When Loki is NOT the Tool
Being honest about limits saves frustration:
- Sophisticated full-text search: Elasticsearch wins.
- Deep forensic analysis: Splunk and Elasticsearch have specific tools.
- Strict compliance with integrated auditing: Splunk Enterprise is built for that.
- Massive volume needing fast ad-hoc queries over long periods: Loki starts to hurt.
Loki is excellent for “monitoring-grade logs” — logs ingested and queried routinely with known patterns. For “deep past forensic investigation”, better options exist.
Operational Lessons
A year operating serious Loki leaves a clear set of rules:
- Cardinality explosion is incident number one. Review new labels before merging any PR.

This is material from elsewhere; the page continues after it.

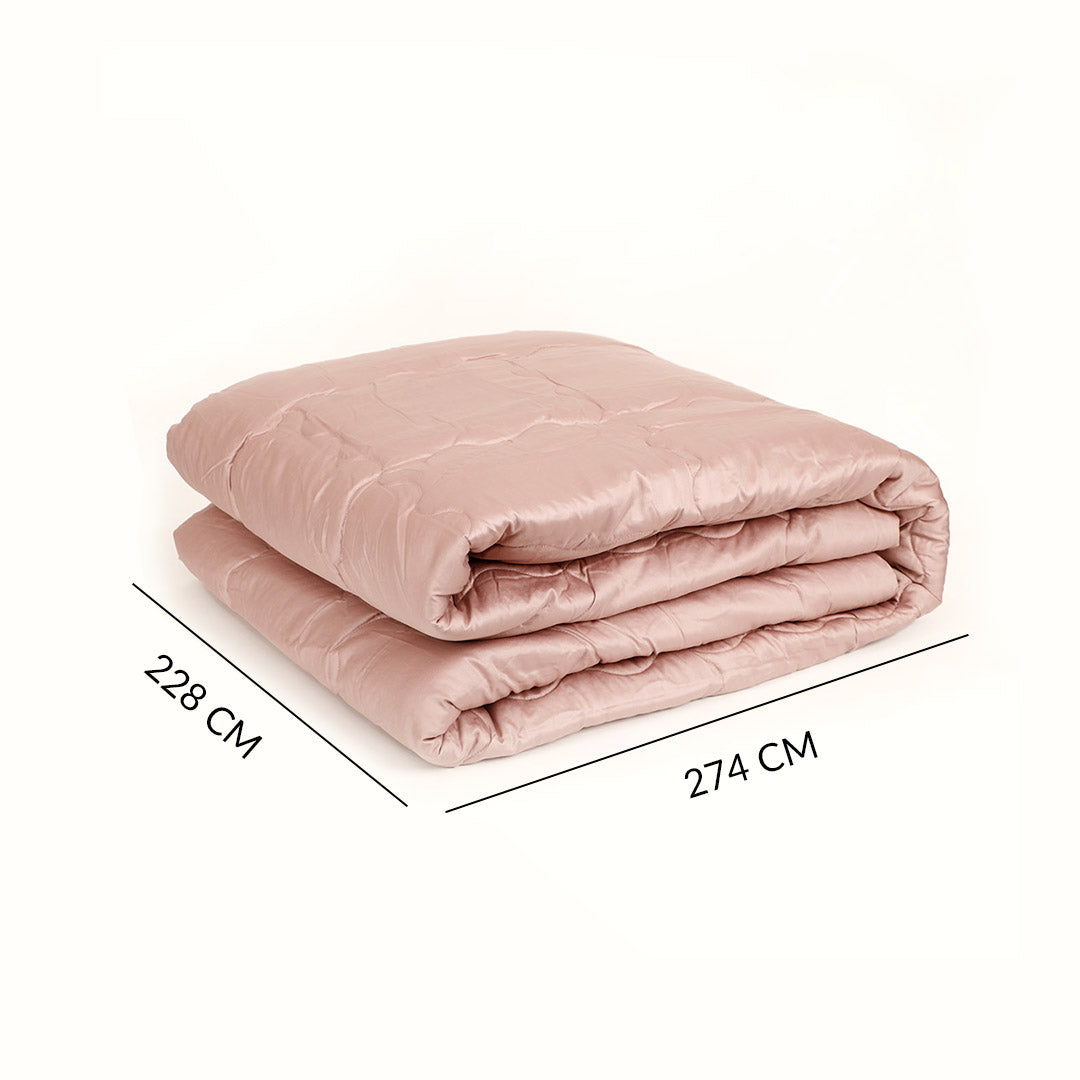Immerse yourself in the timeless charm of our Blush & Blush Reversible Comforter. The soft, velvety Blush tones exude romantic warmth and understated elegance, making it a perfect addition to any bedroom. Crafted with 400 thread count cotton, this comforter ensures long-lasting durability and a luxurious feel. The bio-polish finish enhances its silky softness, becoming even smoother with every wash. With its dual-color design, this comforter is ideal for year-round use, combining both style and comfort for a cozy, inviting sleep experience.

- Query cap and timeouts. A user with a badly constructed query can bring down the whole cluster.
- Object-store backup. Losing the bucket is losing all logs.
- Monitoring Loki with Loki is circular. Use Prometheus plus the metrics Loki exposes.
- Rate limiting on ingest per tenant. A service generating log spam must not affect others.
Conclusion
Loki is a solid choice for logs in most cloud-native contexts. Its label-based design offers huge advantages but requires discipline — mismanaged cardinality ruins the experience. At serious scale, separating read/write paths, investing in cache and compaction, and choosing the object store well are key decisions. For teams already on Prometheus + Grafana, completing with Loki is one of the best-return observability upgrades available.